Lack of models: Too few numerical models can simulate the physical and chemical processes of fire emissions, transport, and transformation. Even with the models available, some may have biases or errors in representing the meteorology, land cover, fire behavior, and emission factors. These models also need to be validated and calibrated with observational data, which — as previously mentioned — may not be accurate (or even available).
Lack of communication: More effective, efficient ways of communicating air quality data, forecasts, and risks to the public are needed — especially during emergency situations. To ensure that the public understand the meaning and implications of critical air quality information, it must be available in numerous formats, frequencies, and units, and put into relevant context for the viewer or listener.
Take action with reliable air quality data
Vaisala Xweather uses proprietary technology to combine unique measurement data from local sensors with cutting‑edge AI models to provide the most accurate, timely, and actionable weather insights, turning weather data into your advantage.

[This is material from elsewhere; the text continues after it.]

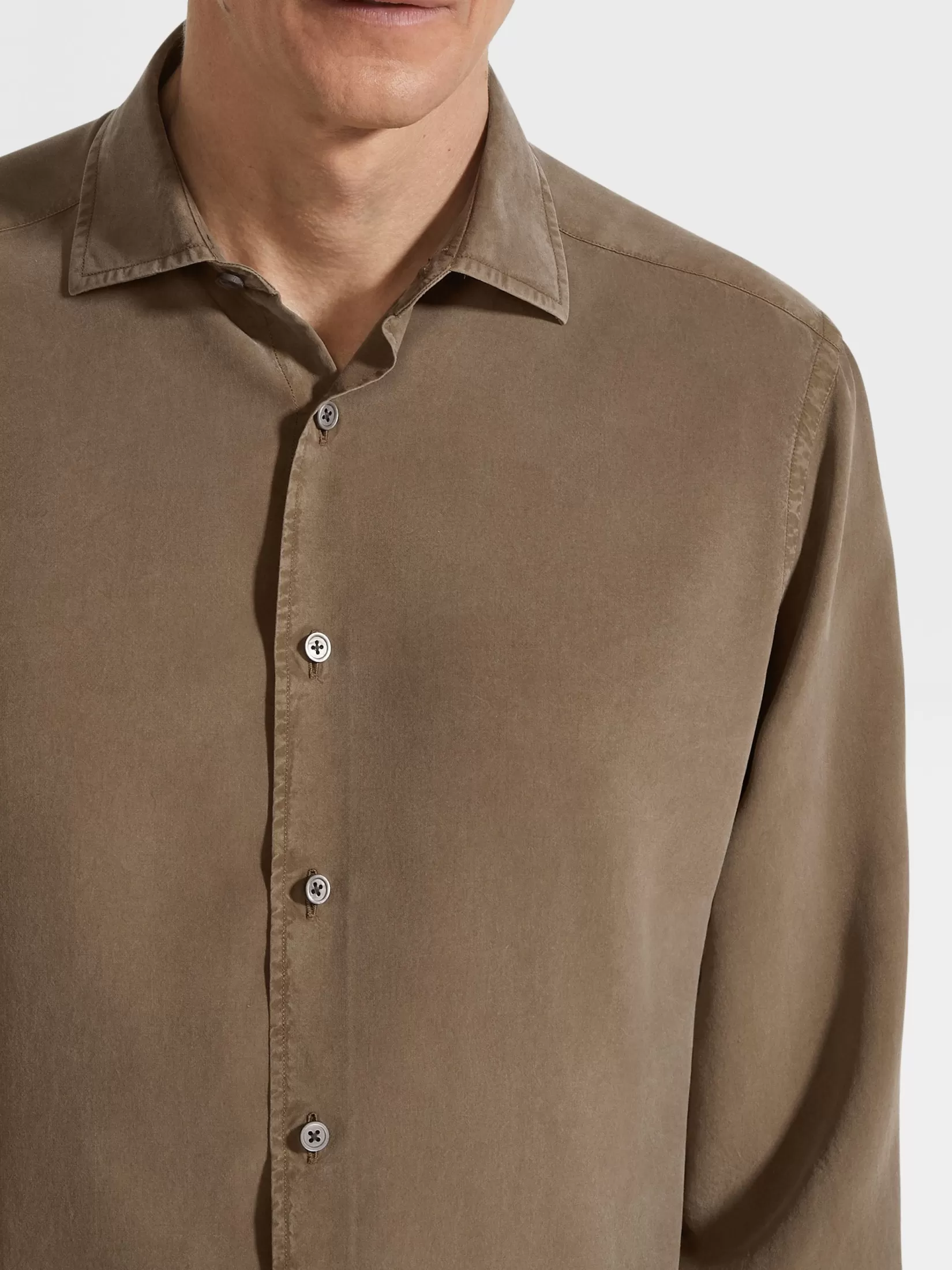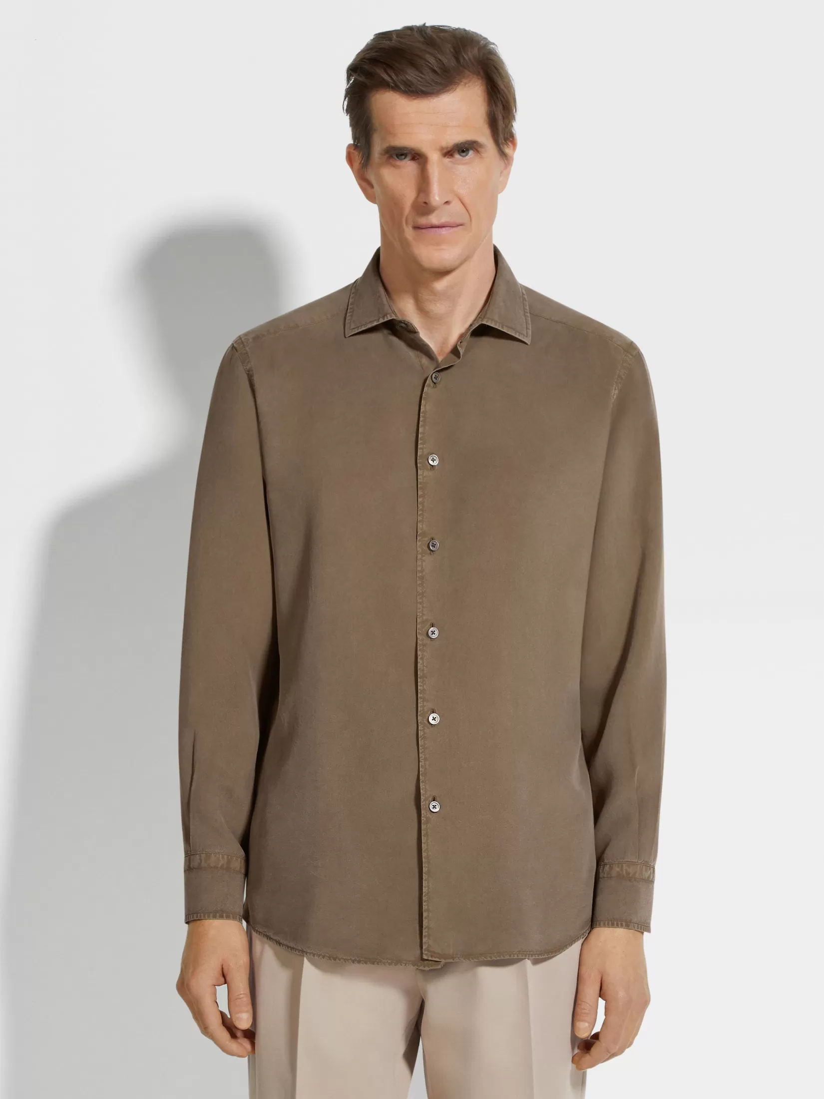 Esta camisa de seda caqui está confeccionada en pura seda Mulberry y está teñida en prenda para un acabado más intenso. La camisa de seda y de manga larga está acabada con el cuello inglés.

Our insights provide reliable and actionable air quality information to our customers, especially during fire events. Some of the features and benefits of our services are:
Comprehensive data: We combine data from multiple sources, such as reference grade stations, Vaisala air quality transmitters, satellites, and fire reports to provide a comprehensive and up-to-date picture of the air quality situation. This data undergoes advanced quality control and assurance to ensure its the accuracy and consistency.
Advanced models: Our cutting-edge models simulate the complex dynamics of fire emissions, transport, and transformation. We also use machine learning and artificial intelligence techniques to improve the performance and accuracy of the models, which are constantly updated and refined with the latest data and research.
Effective communication: Our air quality datasets, visuals, and alerting capabilities are built with communication in mind. Create full-scale weather maps demonstrating air quality risks with components in easy-to-understand color scales, build API responses built to return only what you need, or set up automated air quality alerts when critical locations are at risk. We also strive to make weather data universally understandable: Air Quality Health Index (AQHI) is a key feature of our air quality portfolio, providing a scale that measures the health risk associated with the air pollution level
Forest fires are a serious threat to both the environment and human health. Coping with this challenge requires accurate, timely current and forecast air quality data — especially during fire events — to help you breathe better and live healthier.